Ein Gast lässt sich mit mir auf eine Diskussion über Eheverträge ein und wie er seiner Frau nach eigener Lektüre des BGB klargemacht hat, dass es für ihn „so nicht laufen wird“. Er meinte, wenn seine Ehe scheitert, dann geht jeder mit dem, was er hat, also Gütertrennung und Unterhaltsverzicht. Damit produziert er einen Sozialfall bzw. macht ihr die Trennung unmöglich, denn sie hat praktisch kein eigenes Einkommen („die hat doch das Paradies auf Erden, geht jeden Tag joggen und muss nichts weiter tun“). Auf Haushalt, Kochen, Kindererziehung etc. angesprochen, behauptet er, dass er das  meiste davon selber macht (trotz hoch verantwortungsvollem Ingenieursjob natürlich). Na da war er an der Richtigen. Bevor die Diskussion völlig ausgeufert ist, haben wir dann doch lieber über was anderes geredet.
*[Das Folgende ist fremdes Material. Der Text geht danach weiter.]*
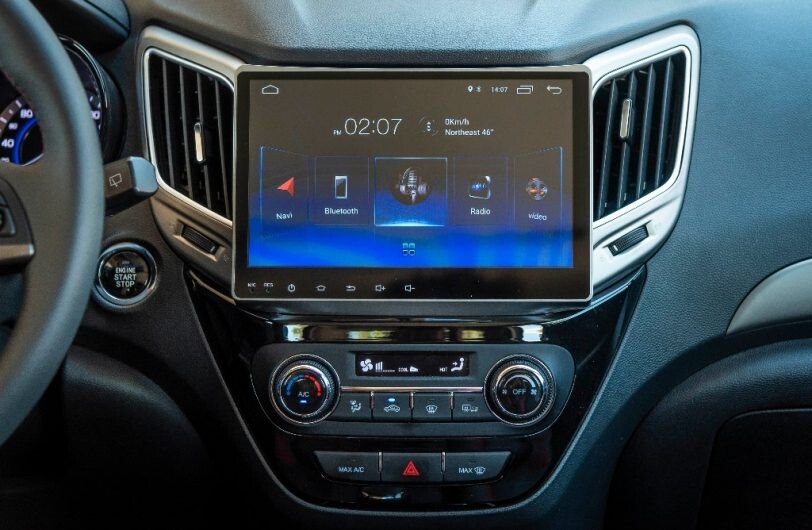 Los comandos quedan a mano y la pantalla táctil (de muy buena resolución y calidad de sonido) incluye la posibilidad de ver fotos y películas. La navegación no tenía los mapas disponibles y tampoco se puede espejar el celular para acceder a las aplicaciones. Sí hay doble entrada USB y de 12 voltios.
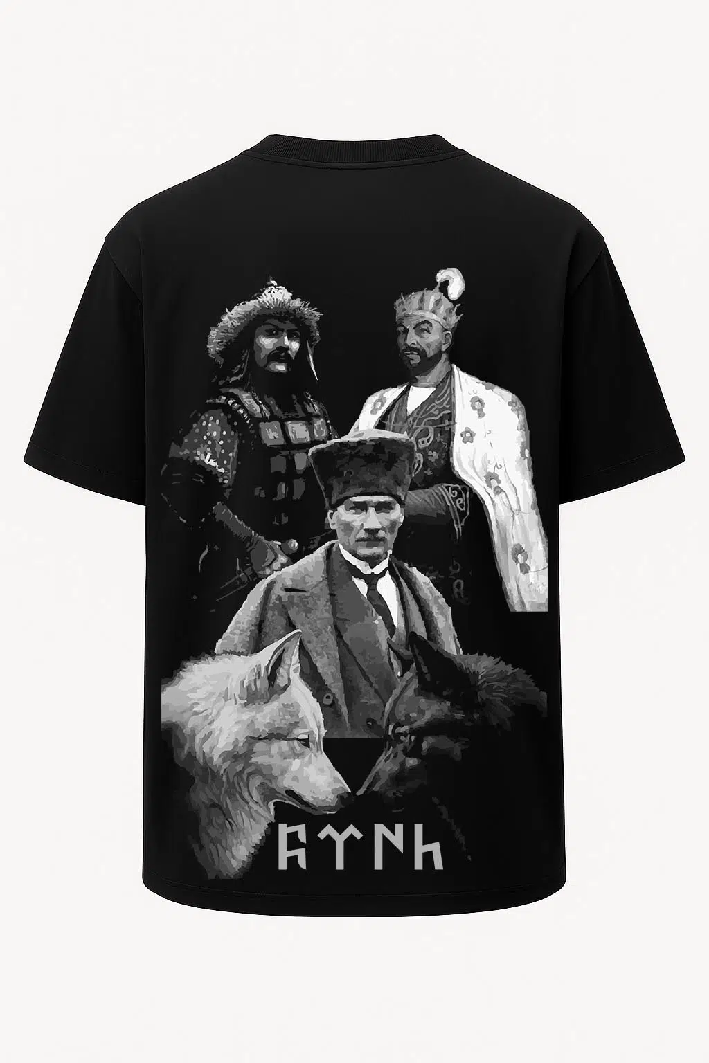 Türk Hükümdarlar Geniş Baskılı Oversize Tişört 55 cm uzunluğa sahip geniş bir tasarım alanına sahiptir. Tam boy baskı sevenler için özel olarak üretilen oversize tişört unisex tasarımda ve %100 organik pamuk kumaştan üretilmiştir. Geniş kesim yapısıyla, bol giyim tercih edenlere özel yapıdadır. Nefes alabilir kumaşı sayesinde sıcak günlerde bile konforlu bir deneyim yaşatır. Türk Tişörtleri yüksek dayanıklılığa sahip transfer baskı teknolojisi uygulanan baskılı tişörtlerimiz her yıkamada canlılığını korur. Atatürk, Metehan ve Timur görselleriyle bezenen, Göktürkçe Türk yazısının iki tarafında bulunan bozkurtlar ile Nirvoda'nın benzersiz ve eşsiz tasarımı ortaya çıkmıştır. Sadece Nirvoda'da bulabileceğiniz ürünü hem kendiniz için şık bir seçim, hem de sevdiklerinize özel ve anlamlı bir hediye alternatifi olarak tercih edebilirsiniz.

Am nächsten Tag war er dann eher reserviert mir gegenüber.

Nach dieser Woche fühle ich mich schon wesentlich entspannter, es war eine gute Idee, nach all den Besichtigungen ein paar Tage reizarme Umgebung zu schaffen. Brandenburg ist landschaftlich komplett anders als Bayern, hat aber auch sehr schöne Ecken. Jetzt geht’s weiter nach Hamburg.